[Data provided]:
-- Opening Marker --
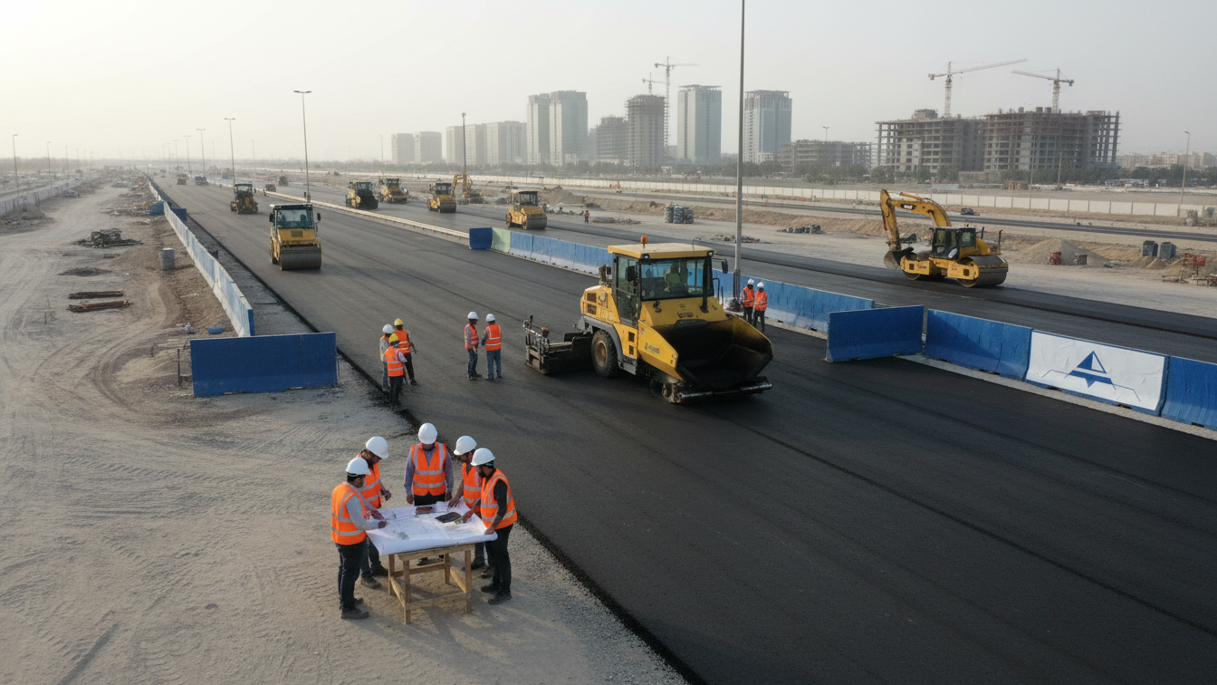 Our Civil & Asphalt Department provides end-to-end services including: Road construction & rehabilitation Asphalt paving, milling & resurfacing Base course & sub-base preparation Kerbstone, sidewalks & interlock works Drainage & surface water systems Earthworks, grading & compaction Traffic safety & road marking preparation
-- Closing Marker --
-- Opening Marker --
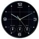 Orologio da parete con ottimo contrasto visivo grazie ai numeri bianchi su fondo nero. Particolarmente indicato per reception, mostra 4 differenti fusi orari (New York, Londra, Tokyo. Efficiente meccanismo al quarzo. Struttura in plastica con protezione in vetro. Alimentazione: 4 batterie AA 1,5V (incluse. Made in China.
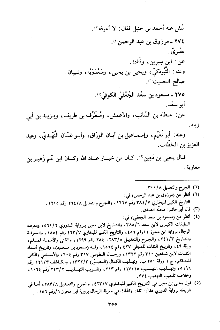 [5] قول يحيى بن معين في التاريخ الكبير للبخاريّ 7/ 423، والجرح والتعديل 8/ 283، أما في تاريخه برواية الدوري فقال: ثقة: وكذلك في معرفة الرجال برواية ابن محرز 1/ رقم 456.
-- Closing Marker --
[The task]:
Reproduce the listing above from the line that holds "Orologio da parete" through the line that holds "[5] قول يحيى", both included, with the pictures left out.

[Task response]:
 Orologio da parete con ottimo contrasto visivo grazie ai numeri bianchi su fondo nero. Particolarmente indicato per reception, mostra 4 differenti fusi orari (New York, Londra, Tokyo. Efficiente meccanismo al quarzo. Struttura in plastica con protezione in vetro. Alimentazione: 4 batterie AA 1,5V (incluse. Made in China.
 [5] قول يحيى بن معين في التاريخ الكبير للبخاريّ 7/ 423، والجرح والتعديل 8/ 283، أما في تاريخه برواية الدوري فقال: ثقة: وكذلك في معرفة الرجال برواية ابن محرز 1/ رقم 456.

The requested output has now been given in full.